The value of that story hour for the families who attended went far beyond delivery of language content learning. Scholars have spilled gallons of ink defining various desired “outcomes” in language learning and how to achieve them. But these and other narratives that focus on language as something that risks being lost over time may miss the most human aspect of language use: being understood and held. Nothing in the world is all right in this moment, but for the Israeli expat parents in that room, the questions I’d been asking about raising their kids with “enough”—enough Hebrew, enough Jewish identity, even enough material objects—did not seem at all urgent. The togetherness and safety of that group, the knowing nods, their children’s laughter, their joy in hearing and speaking Hebrew—that was more than enough.  

After sitting through story time, and helping corral the children towards the craft table, I felt a strong impulse to step out of the room. Not only was I lacking the emotional wherewithal to engage these families with levity in my second language, I also recognized the necessity for that affinity space to be by and for the target community. The space was not meant for me, no matter how much time I’ve spent in Israeli communities in Israel and abroad.  

Notions and feelings of peoplehood lead us to foreground our entangled fates and shared experiences.
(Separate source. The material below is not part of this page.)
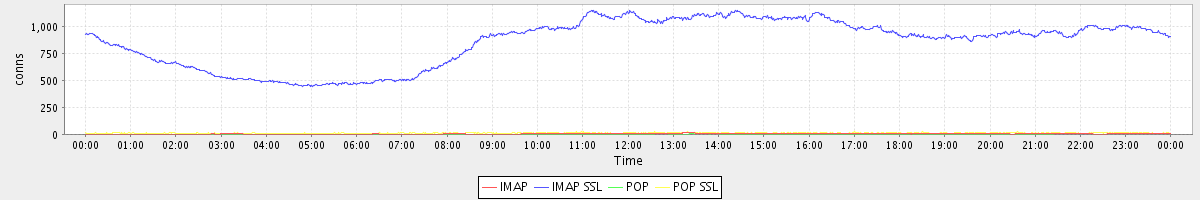 avg(IMAP) = 5.23 avg(IMAP SSL) = 852.85 avg(POP) = 0.38 avg(POP SSL) = 12.21

We embody these ideas as we experience the horrifying spike in antisemitic activity in the U.S. and elsewhere in the diaspora. And yet, the intangible felt sense of Israeliness, borne out of lived experience, and expressed through language, is increasingly salient these days.  

As Israelis abroad lean on diaspora Jewish communities more significantly in this extended cataclysmic moment, I ask how we might make space for them to cope and heal within the framework of their own experiences. Their ritual markings of these moments and their means of advocacy may look different from our own. How might we harness our impulse to be helpful and caring, without implicit expectations that their reactions to grief and the news cycle mirror ours?  

Enabling the diverse range of voices in this broader community to be heard and supported—not just during emergency circumstances, but for the long haul—will require accommodation, creativity, and collaboration. The notion that Israelis in the diaspora are transient and sitting on their suitcases has for decades obscured the ways in which they have settled, with deep roots, in many communities around North America. The urgency of the moment calls on us to make adaptive changes to our communal landscape. May we have the fortitude and humility to strengthen our community accordingly.